Segment Start: PROVIDED DATA

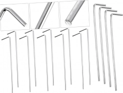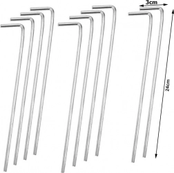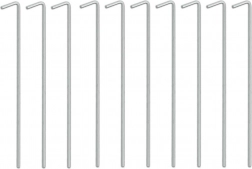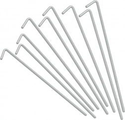 Praktičan set od 10 čeličnih klinova s L završetkom idealan je za kampiranje, vrt i planinarenje. Zahvaljujući promjeru od 4 mm i duljini od 24 cm, klinovi sigurno drže u travi, zemlji pa čak i šljunku te sprječavaju otpuštanje užadi ili traka. Jednostavan oblik omogućuje brzo zabijanje i izvlačenje.
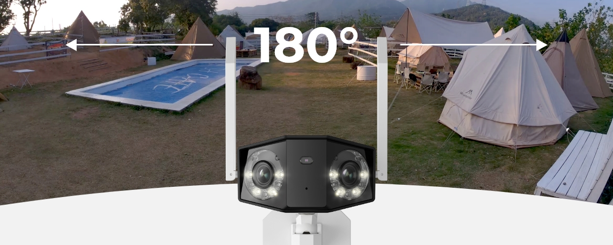 Reolink Duo 2 PoE und Reolink Duo 2 WiFi, aktualisiert von Reolink Duo PoE und Duo WiFi, können zwei Ansichten zu einem nahtlosen 180°-Panorama ohne überlappende Teile zusammenfügen und so eine echte Kombination von zwei Kameras realisieren: Zwei Kameras in einer für verdoppeltes Sichtfeld.
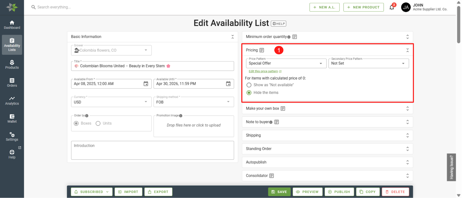 Availability lists are your listings of ready-to-purchase products, including prices and packing units per box for your merchants to choose from. You can select who is able to view and make purchases for the A.L. Prices displayed to merchants can ...
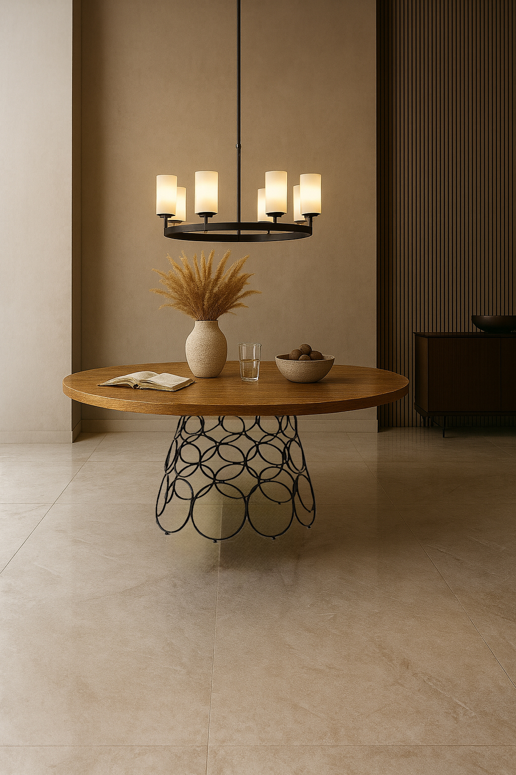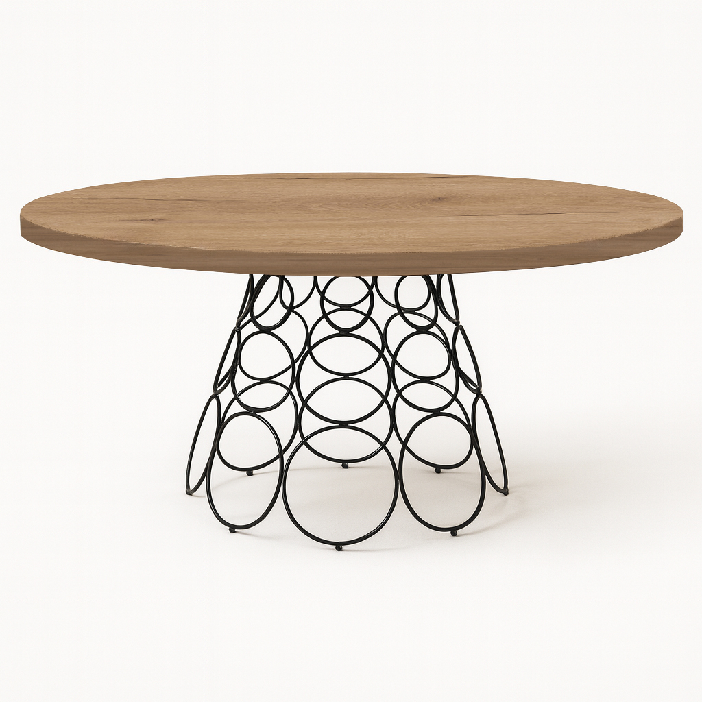 Αναβαθμίστε την αισθητική του χώρου σας με αυτό το εντυπωσιακό στρογγυλό σέτ τραπεζαρίας, το οποίο συνδυάζει τη φυσική ζεστασιά του ξύλου με τον σύγχρονο σχεδιασμό της μεταλλικής βάσης. H καλλιτεχνική μεταλλική βάση με κυκλικό μοτίβο δημιουργεί μια αίσθηση ελαφρότητας και κομψότητας ενώ οι καρέκλες με υφασμάτινη επένδυση και μοντέρνο σχεδιασμό εξασφαλίζουν άνεση και στυλ καθιστώντας το τραπέζι ιδανικό για elegant τραπεζαρίες, πολυτελή διαμερίσματα ή επαγγελματικούς χώρους υψηλής αισθητικής.
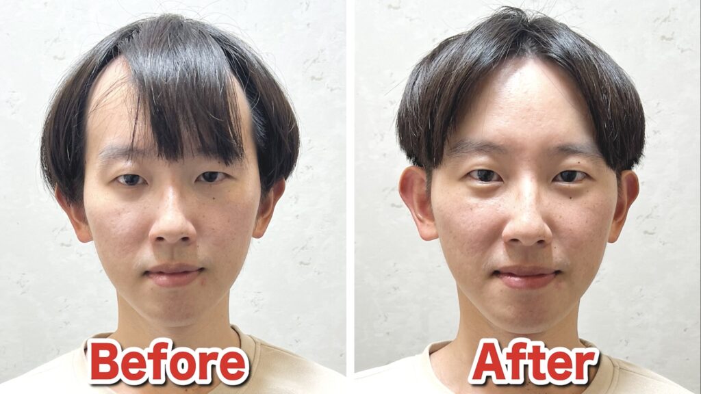 しかし、これは少し分け目を変えてサイドパートにしたり、スタイリングとカットの仕方次第で解決できる問題です。
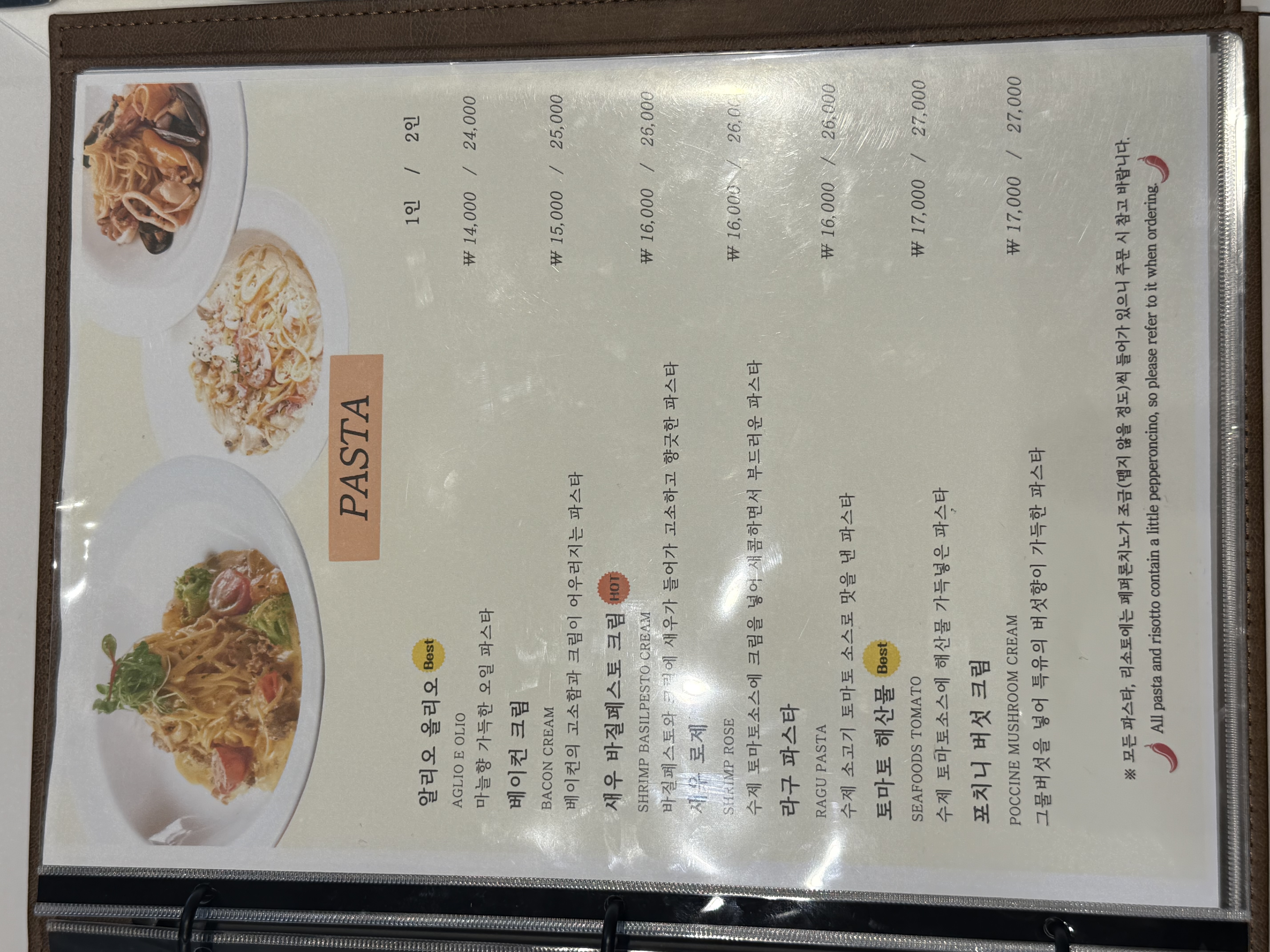 파스타와 필라프, 리조또는 2인분 정도의 양이라 푸짐하니 주문하실 때 참고해주세요 !ㅎㅎ
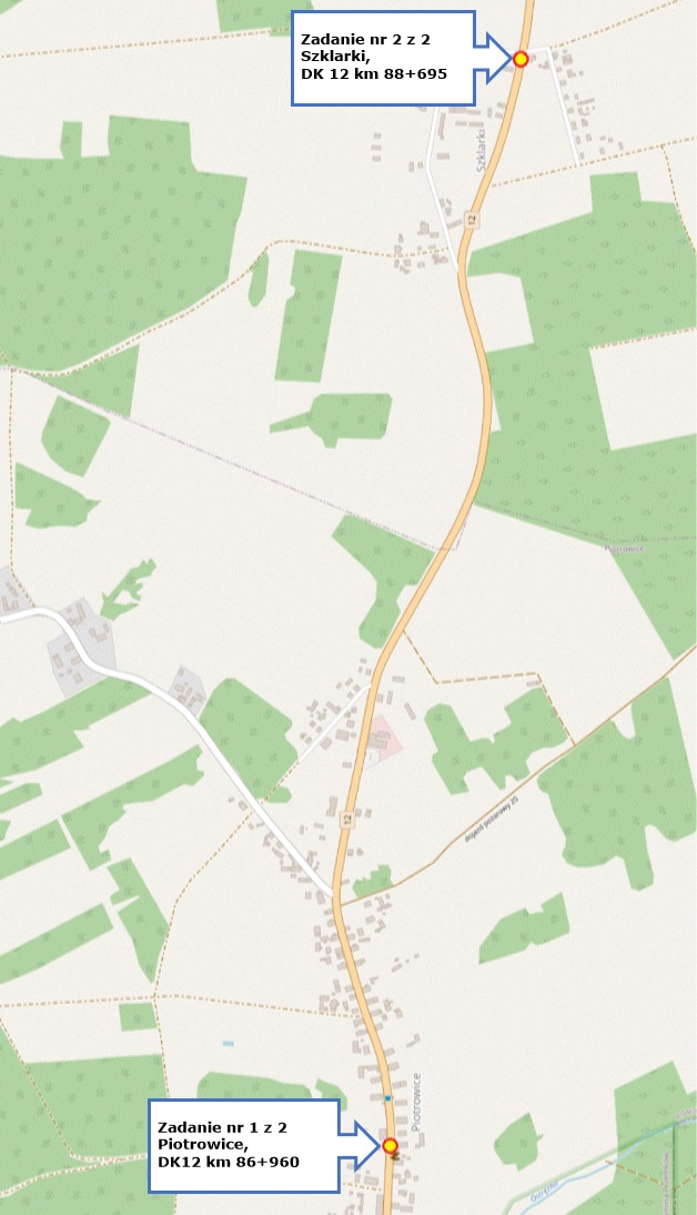 Na DK12 wybudujemy oświetlenie dedykowane na przejściach w Piotrowicach i Szklarkach wraz z wykonaniem przyłączy do istniejącej sieci oświetlenia drogowego. Przed przejściami wykonane będą z obu stron płytki dla osób niedowidzących i niewidomych. W Szklarkach dodatkowo wykonamy oświetlenie strefy przejściowej skrzyżowania, a w Piotrowicach wybudujemy ok. 50 metrów brakującego chodnika. Wartość inwestycji zgodnie z umową wynosi ponad 392 tys. zł.
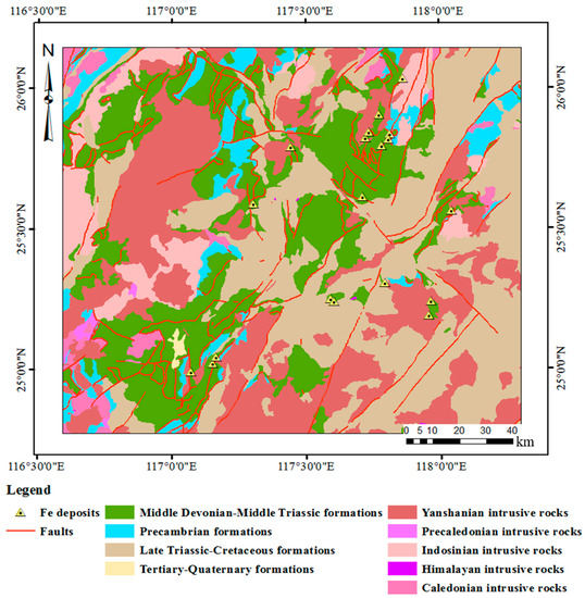 To assess its performance for geochemical anomaly recognition, the proposed MCAE approach was applied to the Fe metallogenic belt located in the southwest Fujian depression center. This region is characterized by large areas of Paleozoic stratigraphy and intermediate acidic magmatic rocks from the Yanshan period that provide a material base and metallogenic environment for the formation of iron, copper, and zinc polymetallic ore deposits [58,59]. Several skarn-type Fe deposits have been found in this area (Figure 6).
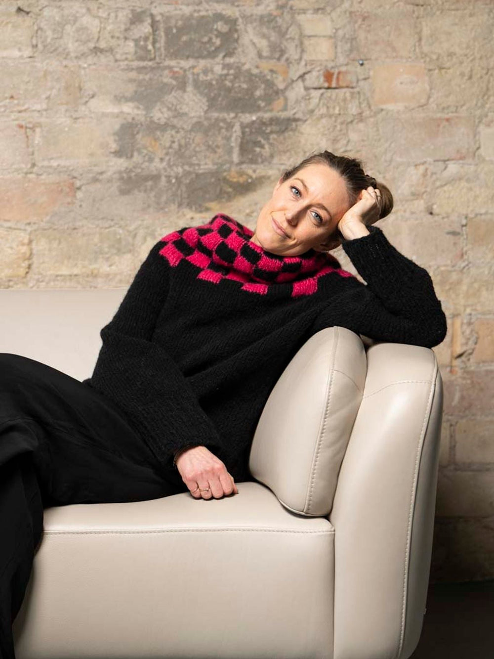 Valby sweateren har en bred og meget markant, ternet krave, som skiller sig ud og gør sweateren til helt sin egen. Du vil elske at putte dig i den bløde krave, hvor ternene går helt ned over skuldrene.

Segment End: PROVIDED DATA

--- WORK INSTRUCTION ---
Please write out all the data again word for word, but not the pictures.

--- WRITTEN SOLUTION ---
 Praktičan set od 10 čeličnih klinova s L završetkom idealan je za kampiranje, vrt i planinarenje. Zahvaljujući promjeru od 4 mm i duljini od 24 cm, klinovi sigurno drže u travi, zemlji pa čak i šljunku te sprječavaju otpuštanje užadi ili traka. Jednostavan oblik omogućuje brzo zabijanje i izvlačenje.
 Reolink Duo 2 PoE und Reolink Duo 2 WiFi, aktualisiert von Reolink Duo PoE und Duo WiFi, können zwei Ansichten zu einem nahtlosen 180°-Panorama ohne überlappende Teile zusammenfügen und so eine echte Kombination von zwei Kameras realisieren: Zwei Kameras in einer für verdoppeltes Sichtfeld.
 Availability lists are your listings of ready-to-purchase products, including prices and packing units per box for your merchants to choose from. You can select who is able to view and make purchases for the A.L. Prices displayed to merchants can ...
 Αναβαθμίστε την αισθητική του χώρου σας με αυτό το εντυπωσιακό στρογγυλό σέτ τραπεζαρίας, το οποίο συνδυάζει τη φυσική ζεστασιά του ξύλου με τον σύγχρονο σχεδιασμό της μεταλλικής βάσης. H καλλιτεχνική μεταλλική βάση με κυκλικό μοτίβο δημιουργεί μια αίσθηση ελαφρότητας και κομψότητας ενώ οι καρέκλες με υφασμάτινη επένδυση και μοντέρνο σχεδιασμό εξασφαλίζουν άνεση και στυλ καθιστώντας το τραπέζι ιδανικό για elegant τραπεζαρίες, πολυτελή διαμερίσματα ή επαγγελματικούς χώρους υψηλής αισθητικής.
 しかし、これは少し分け目を変えてサイドパートにしたり、スタイリングとカットの仕方次第で解決できる問題です。
 파스타와 필라프, 리조또는 2인분 정도의 양이라 푸짐하니 주문하실 때 참고해주세요 !ㅎㅎ
 Na DK12 wybudujemy oświetlenie dedykowane na przejściach w Piotrowicach i Szklarkach wraz z wykonaniem przyłączy do istniejącej sieci oświetlenia drogowego. Przed przejściami wykonane będą z obu stron płytki dla osób niedowidzących i niewidomych. W Szklarkach dodatkowo wykonamy oświetlenie strefy przejściowej skrzyżowania, a w Piotrowicach wybudujemy ok. 50 metrów brakującego chodnika. Wartość inwestycji zgodnie z umową wynosi ponad 392 tys. zł.
 To assess its performance for geochemical anomaly recognition, the proposed MCAE approach was applied to the Fe metallogenic belt located in the southwest Fujian depression center. This region is characterized by large areas of Paleozoic stratigraphy and intermediate acidic magmatic rocks from the Yanshan period that provide a material base and metallogenic environment for the formation of iron, copper, and zinc polymetallic ore deposits [58,59]. Several skarn-type Fe deposits have been found in this area (Figure 6).
 Valby sweateren har en bred og meget markant, ternet krave, som skiller sig ud og gør sweateren til helt sin egen. Du vil elske at putte dig i den bløde krave, hvor ternene går helt ned over skuldrene.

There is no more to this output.